Internalized shame is an open wound from childhood that seeps into our psyche and spreads like a virus to everything we think and do. It creates false beliefs about ourselves others can’t refute and silently eats away at our spontaneity and confidence.
How Toxic Shame Differs From Ordinary Shame
- Our own thoughts can bring on shame without the need for an external event or exposure to another person.
- The negative feelings last much longer.
- The feelings and pain associated with shame are of greater intensity.
- It leads to worsening shame spirals that cause depression and feelings of hopelessness and despair.
- We have a negative “shame story” about ourselves originating in childhood.
- The shaming events and beliefs from childhood needn’t be (and usually aren’t) recalled.
- It creates “shame anxiety” about re-experiencing judgment, rejection, and shame.
- It can overtake our personality and be ever-present.

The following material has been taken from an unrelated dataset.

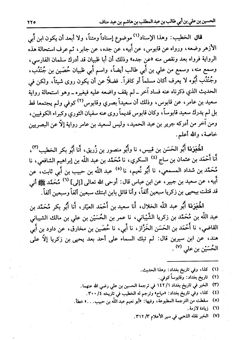 قال الخطيب وهذا الإسناد (1) موضوع إسنادا ومتنا ولا أبعد أن يكون ابن أبي الأزهر وضعه ورواه عن قابوس عن أبيه عن جده عن جابر ثم عرف استحالة هذه الرواية فرواه بعد ونقص منه عن جده وذلك أن أبا ظبيان قد أدرك سلمان الفارسي وسمع منه وسمع من علي بن أبي طالب أيضا واسم أبي ظبيان حصين بن جندب وجندب أبوه لا يعرف أكان مسلما أو كافرا فضلا عن أن يكون روى شيئا ولكن في الحديث الذي ذكرناه عنه فساد آخر لم يقف واضعه عليه فيغيره وهو استحالة رواية سعيد بن عامر عن قابوس وذلك أن سعيد ابصري وقابوس (2) كوفي ولم يجتمعا قط بل لم يدرك سعيد قابوسا وكان قابوس قديما روى عنه سفيان الثوري وكبراء الكوفيين ومن آخر من أدركه جرير بن عبد الحميد وليس لسعيد بن عامر رواية إلا عن البصريين خاصة والله أعلم أخبرنا أبو الحسن بن قبيس نا وأبو منصور بن زريق أنا أبو بكر الخطيب (3) أنا احمد بن عثمان بن ساج (4) السكري نا محمد بن عبد الله بن إبراهيم الشافعي نا محمد بن شداد المسمعي نا أبو نعيم نا (5) عبد الله بن حبيب بن أبي ثابت عن أبيه عن سعيد بن جبير عن ابن عباس قال أوحى الله تعالى إلى (6) محمد (صلى الله عليه وسلم) أني قد قتلت بيحيى بن زكريا سبعين ألفا وأنا قاتل بابن ابنتك سبعين ألفا وسبعين ألفا أخبرنا أبو عبد الله الخلال أنا سعيد بن أحمد العيار أنا أبو بكر محمد بن عبد الله بن محمد بن زكريا الشيباني نا عمر بن الحسين بن علي بن مالك الشيباني القاضي نا أحمد بن الحسن الخزاز نا أبي نا حصين بن مخارق عن داود بن أبي هند عن ابن سيرين قال لم تبك السماء على أحد بعد يحيى بن زكريا إلا على الحسين بن علي (7)

- Alternatively, it may remain unconscious, but make us defensive and sensitive to criticism, or anything we perceive as shaming, such as talking too long or too little, making mistakes, showing emotion, receiving too much or too little attention, trying new things, or looking foolish.

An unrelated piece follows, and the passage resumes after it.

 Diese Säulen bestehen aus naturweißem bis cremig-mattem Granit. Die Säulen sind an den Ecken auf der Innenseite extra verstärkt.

- It creates deep feelings of inadequacy, inferiority, or somehow being unlovable.
- It causes low self-esteem and codependency.
- It can lead to other problems, such as aggression, PTSD, perfectionism, anti-social behavior, depression, eating disorders, and addiction.
Fortunately, we can heal toxic shame.
That doesn’t mean we never feel it. Instead, shame takes its rightful place among our many emotions and no longer controls or overwhelms us. We can remain present and don’t lose our connectedness to others. If we still feel ashamed, we can talk about what happened. Sharing shame diminishes it. We realize our imperfections make us human as we learn to accept ourselves with compassion.